**Records for this task:**
☆ ☆ ☆ ☆
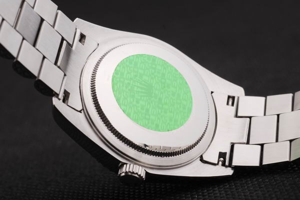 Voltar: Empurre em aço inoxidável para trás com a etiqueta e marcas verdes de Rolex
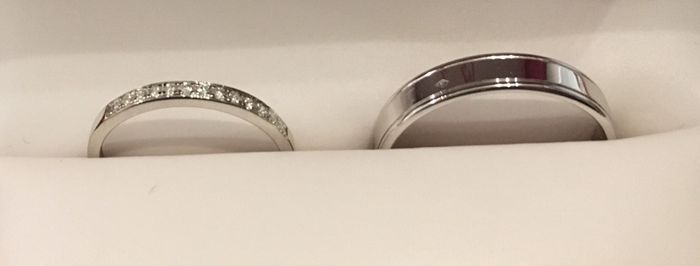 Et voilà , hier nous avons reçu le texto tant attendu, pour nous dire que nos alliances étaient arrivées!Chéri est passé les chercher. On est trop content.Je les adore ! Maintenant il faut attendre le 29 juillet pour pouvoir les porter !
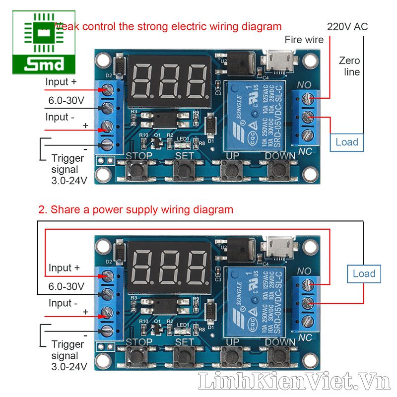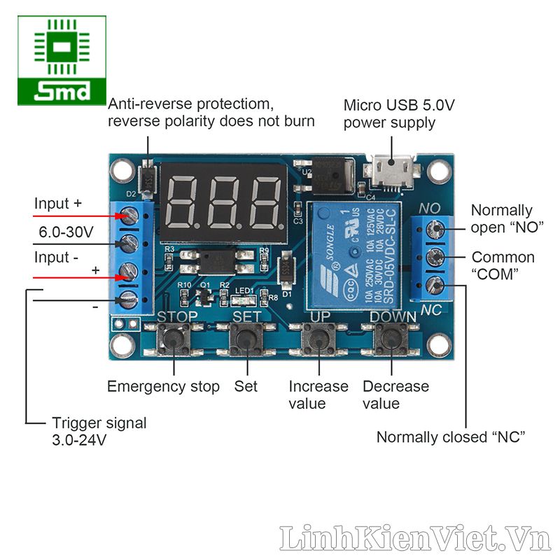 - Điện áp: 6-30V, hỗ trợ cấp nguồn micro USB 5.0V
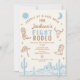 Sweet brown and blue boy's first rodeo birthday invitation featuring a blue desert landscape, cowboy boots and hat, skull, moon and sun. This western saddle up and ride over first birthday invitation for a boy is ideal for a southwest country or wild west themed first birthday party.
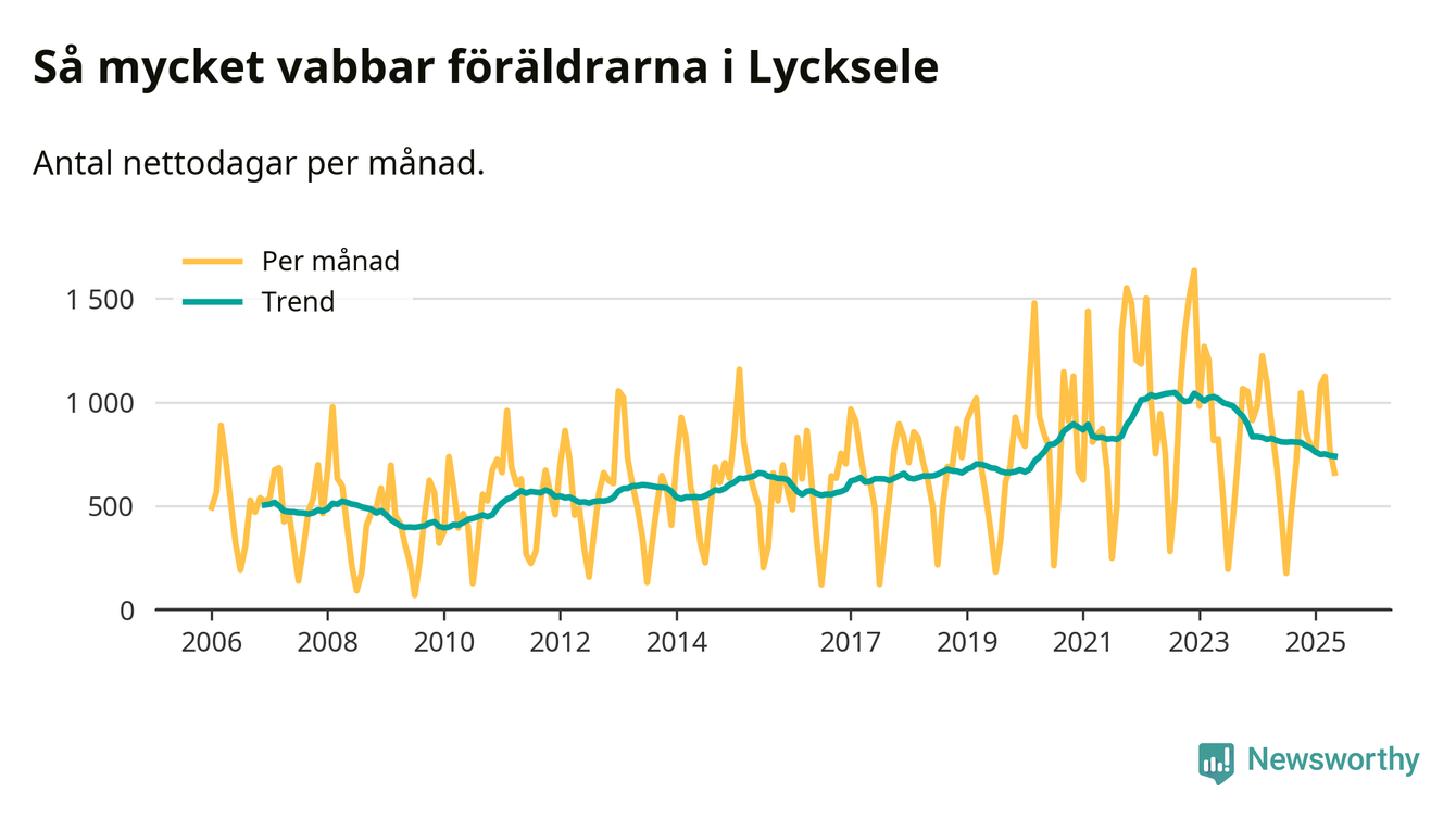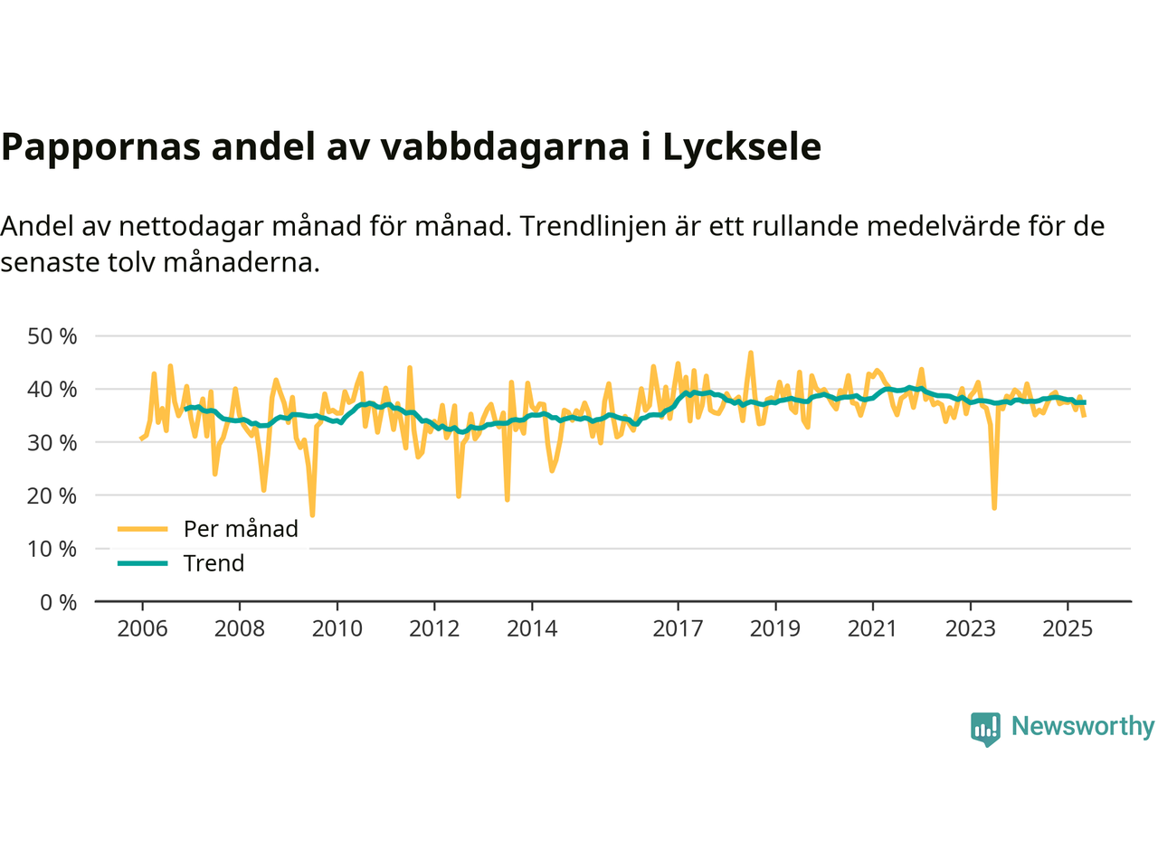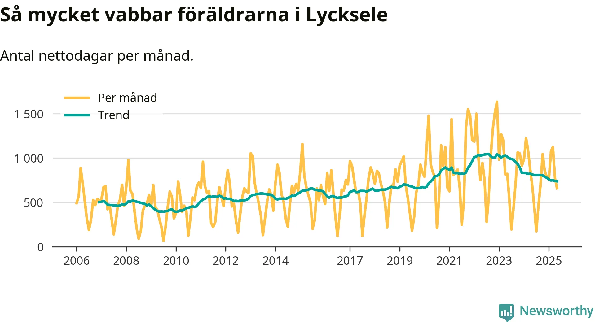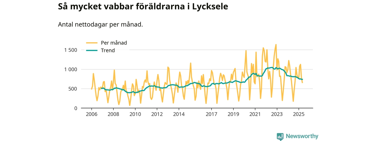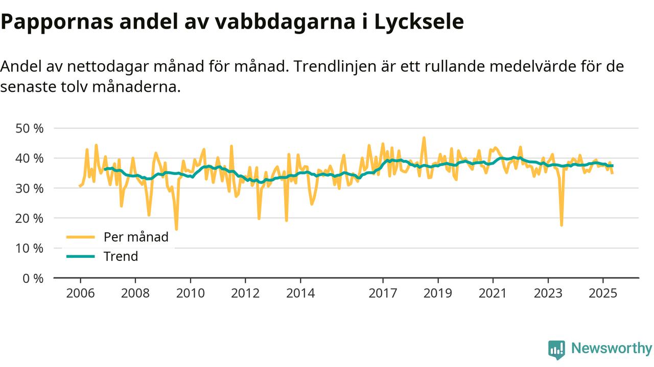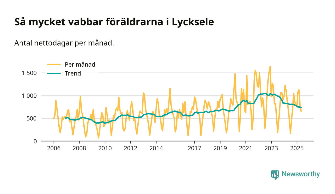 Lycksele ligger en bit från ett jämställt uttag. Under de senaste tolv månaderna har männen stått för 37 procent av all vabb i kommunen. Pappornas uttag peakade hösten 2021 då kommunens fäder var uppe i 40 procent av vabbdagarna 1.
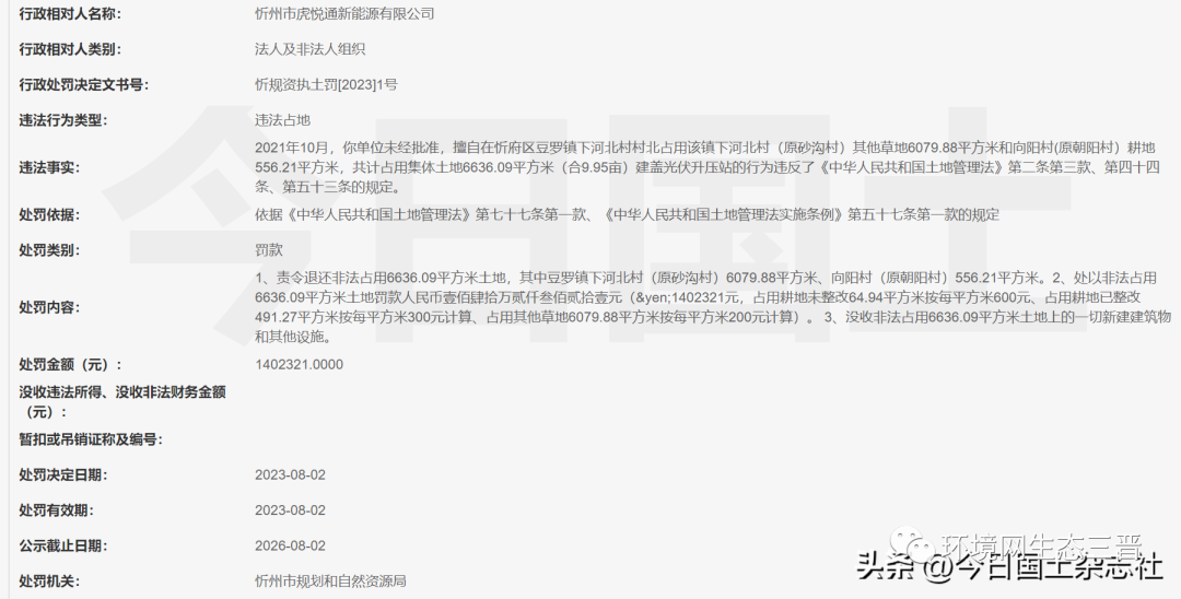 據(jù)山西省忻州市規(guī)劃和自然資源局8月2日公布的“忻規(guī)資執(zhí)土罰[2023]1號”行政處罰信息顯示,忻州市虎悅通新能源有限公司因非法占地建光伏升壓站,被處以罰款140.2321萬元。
☆ ☆ ☆ ☆
**Prompt:**
Starting at the line that holds "- Điện áp: 6-30V, hỗ" and ending at the last line of the material above, repeat each line exactly, both ends included, and leave the pictures out.

**Result of this task:**
 - Điện áp: 6-30V, hỗ trợ cấp nguồn micro USB 5.0V
 Sweet brown and blue boy's first rodeo birthday invitation featuring a blue desert landscape, cowboy boots and hat, skull, moon and sun. This western saddle up and ride over first birthday invitation for a boy is ideal for a southwest country or wild west themed first birthday party.
 Lycksele ligger en bit från ett jämställt uttag. Under de senaste tolv månaderna har männen stått för 37 procent av all vabb i kommunen. Pappornas uttag peakade hösten 2021 då kommunens fäder var uppe i 40 procent av vabbdagarna 1.
 據(jù)山西省忻州市規(guī)劃和自然資源局8月2日公布的“忻規(guī)資執(zhí)土罰[2023]1號”行政處罰信息顯示,忻州市虎悅通新能源有限公司因非法占地建光伏升壓站,被處以罰款140.2321萬元。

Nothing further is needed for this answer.